JAKARTA - Bukan rahasia jika jumlah paten yang dihasilkan para peneliti Indonesia masih tergolong rendah. Data Kementerian Hukum dan HAM menunjukkan, hingga 2011, dari sekira 83 ribu paten, baru sebanyak lima ribu paten dari orang Indonesia. Sementara sisanya merupakan paten orang asing.
Menurut Wakil Dekan Bidang Penelitian, Pengabdian Kepada Masyarakat, dan Kerja Sama Fakultas Kedokteran Universitas Gadjah Mada (UGM) Yogyakarta Adi Utarini, rumitnya birokrasi menjadi salah satu penyebab minimnya jumlah paten di Indonesia. Apalagi di bidang kesehatan.

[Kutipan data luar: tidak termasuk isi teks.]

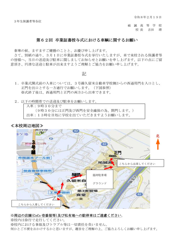 新着情報NEWS 第62回卒業証書授与式にお越しの保護者等のみなさまへ 2026.02.19 3年生の保護者等のみなさまにご連絡いたします。 先日、文書にてお伝えしておりましたが、3月1日(日)に卒業証書授与式を挙行いたします。 当日、車で来校される場合は、 ①3号線久留米自動車学校側からの西通用門を入口とし、正門を出口とする一方通行でお願いします。(下図参照) ②入車は9:30まで(9:30には正門及び西門を安全確保の為、閉門します)、式終了後は13:00を目途に出車していただきますようお願いいたします。 前へ 新着情報一覧へ戻る
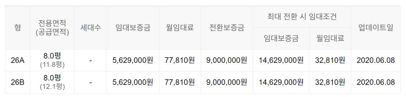 임대보증금 및 월 임대료는 입주자 모집공고일 기준이며, 보증금 최대 전환 시 변동될 수 있습니다.
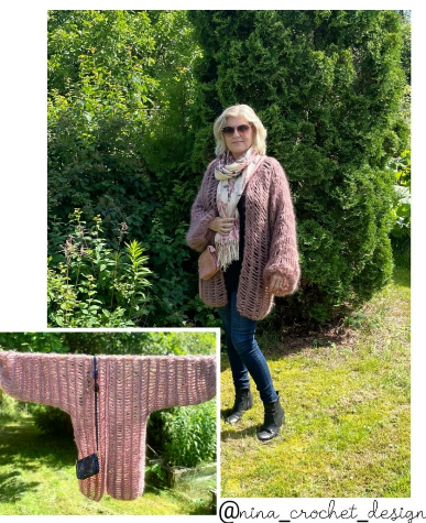 I love to use cardigan. This time the design is different. Cardigan can be worn both indoors and outdoors. A cardigan fits most things.The jacket is crocheted in Line Langmo påfugl fra Dale garn. I crocheted in hook size ,0. It is in one size, 38.. The jacket itself is 78 cm long and 106 wide. Here is a picture of the finished jacket.
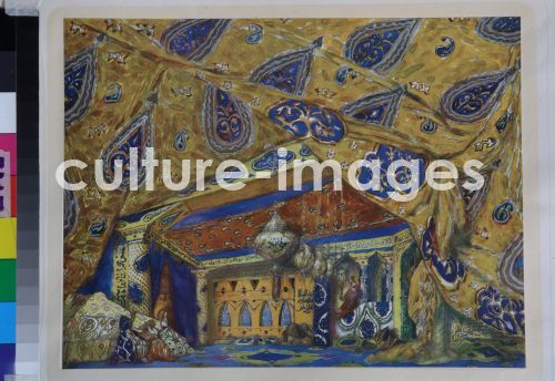 Bakst, Léon (1866-1924), Bühnenbildentwurf zum Ballett Orientalische Fantasie von Ippolitow-Iwanow und Mussorgski, 1913, Farblithographie, Theatermalerei, Russland, Privatsammlung
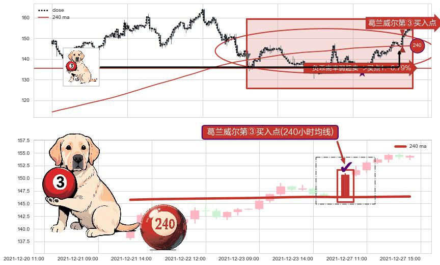 形态多维评估: ⚀ 2021-12-27 09:00:00-小时显现 葛兰威尔均线 240小时均线 第③买入点 上升趋势的中继信号,后市看涨,买进信号

Hal itu, berdampak pada pemenuhan kebutuhan alat medis dan produk kesehatan yang sangat bergantung pada impor. Bayangkan saja, sekira 90 persen alat kesehatan yang digunakan di Indonesia merupakan produk impor.

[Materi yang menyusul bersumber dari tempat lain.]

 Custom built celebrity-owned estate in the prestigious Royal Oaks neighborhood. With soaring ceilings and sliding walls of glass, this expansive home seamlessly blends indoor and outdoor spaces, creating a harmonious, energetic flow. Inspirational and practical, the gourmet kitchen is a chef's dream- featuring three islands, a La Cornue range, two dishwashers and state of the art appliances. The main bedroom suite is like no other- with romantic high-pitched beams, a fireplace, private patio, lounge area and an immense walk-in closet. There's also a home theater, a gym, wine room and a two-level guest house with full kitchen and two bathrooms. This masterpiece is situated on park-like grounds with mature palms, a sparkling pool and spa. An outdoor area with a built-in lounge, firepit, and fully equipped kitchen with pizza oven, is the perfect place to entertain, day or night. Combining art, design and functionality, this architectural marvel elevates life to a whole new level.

Padahal, alat-alat kesehatan tersebut bisa diproduksi secara mandiri oleh masyarakat Indonesia. “Banyak alat-alat kesehatan yang saat ini diimpor sebenarnya alat-alat yang sederhana dan seharusnya bisa diproduksi di dalam negeri,” ujar Utarini, seperti dilansir dari situs UGM, Kamis (23/10/2014).
Utarini menyebut, tidak sedikit peneliti Indonesia yang telah menciptakan alat medis dan produk kesehatan inovatif. Namun, kebanyakan temuan mereka belum dipatenkan karena terkendala proses mendapatkan paten yang rumit dan memakan waktu dan biaya besar.